IF 1.9 Q3 ENDOCRINOLOGY & METABOLISM Pub Date : 2024-09-16 DOI: 10.1186/s13044-024-00209-4
Daisuke Uno, Kazuhira Endo, Tomomi Yoshikawa, Nobuyuki Hirai, Eiji Kobayashi, Yosuke Nakanishi, Satoru Kondo, Tomokazu Yoshizaki

Introduction: Activation of the MAPK pathway by genetic mutations (such as BRAF and RET) initiates and accelerates the growth of papillary thyroid carcinoma (PTC). However, the correlation between genetic mutations and clinical features remains to be established. Therefore, this study aimed to retrospectively analyze major genetic mutations, specifically BRAF mutations and RET rearrangements, and develop a treatment algorithm by comparing background and clinical characteristics.

Method: One hundred thirteen patients with primary PTC were included in this study. BRAF mutations were detected via Sanger sequencing and RET rearrangements were detected via fluorescence in situ hybridization (FISH) analysis, and reverse transcription polymerase chain reaction (RT-PCR). The patients were categorized into two groups based on the presence of BRAF mutations and RET rearrangements and their clinical characteristics (age, sex, TNM, stage, extratumoral extension, tumor size, unifocal/multifocal lesions, vascular invasion, differentiation, chronic thyroiditis, preoperative serum thyroglobulin level, and 18F-fluorodeoxyglucose (FDG) uptake) were compared subsequently.
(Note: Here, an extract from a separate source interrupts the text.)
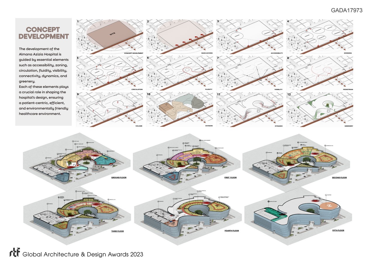 Almana hospital boasts a capacity of 200 beds, 75 clinics, and ample parking for 600 cars. It provides round-the-clock emergency services, a wide range of outpatient clinics specializing in various medical fields, a comprehensive Laboratory and Pathology Department, and advanced Radiology services. The facility is also equipped with cutting-edge medical imaging and robotic equipment, emphasizing both efficiency and accuracy. The design prioritizes energy efficiency, aiming for a minimum of 50 percent energy reduction compared to similar facilities while exceeding current health standards. Furthermore, the design establishes distinct zones for various activities, strategically locating departments and functions based on access proximity, flow, and wayfinding.

Result: After excluding unanalyzable specimens, 80 PTC patients (22 males and 58 females, mean age: 57.2 years) were included in the study. RET rearrangements were positive in 8 cases (10%), and BRAF mutation was positive in 63 (78.6%). The RET rearrangement group was significantly associated with younger age (p = 0.024), multifocal lesion (p = 0.048), distant metastasis (p = 0.025) and decreased 18F-fluorodeoxyglucose uptake (p < 0.001). The BRAF mutation group was significantly associated with unifocal lesions (p = 0.02) and increased 18F-FDG uptake (p = 0.004).

Conclusion: In this study, an increase in M classification cases was found in the RET rearrangements group. However, genetic mutations were not associated with the clinical stage, and no factors that could be incorporated into the treatment algorithm were identified.

简介基因突变(如 BRAF 和 RET)激活了 MAPK 通路,启动并加速了甲状腺乳头状癌(PTC)的生长。然而,基因突变与临床特征之间的相关性仍有待确定。因此,本研究旨在回顾性分析主要基因突变,特别是BRAF突变和RET重排,并通过比较背景和临床特征制定治疗算法:本研究共纳入 113 例原发性 PTC 患者。通过桑格测序检测 BRAF 突变,通过荧光原位杂交(FISH)分析和反转录聚合酶链反应(RT-PCR)检测 RET 重排。根据 BRAF 基因突变和 RET 基因重排情况将患者分为两组,并比较两组患者的临床特征(年龄、性别、TNM、分期、瘤外扩展、肿瘤大小、单灶/多灶病变、血管侵犯、分化、慢性甲状腺炎、术前血清甲状腺球蛋白水平和 18F- 氟脱氧葡萄糖(FDG)摄取量):在排除了无法分析的标本后,80 例 PTC 患者(男 22 例,女 58 例,平均年龄 57.2 岁)被纳入研究范围。8例(10%)RET重排阳性,63例(78.6%)BRAF突变阳性。RET重排组与年轻(p = 0.024)、多灶性病变(p = 0.048)、远处转移(p = 0.025)和18F-氟脱氧葡萄糖摄取减少(p 18F-FDG uptake (p = 0.004))显著相关:本研究发现,RET重排组的M分类病例有所增加。然而,基因突变与临床分期无关,也未发现可纳入治疗算法的因素。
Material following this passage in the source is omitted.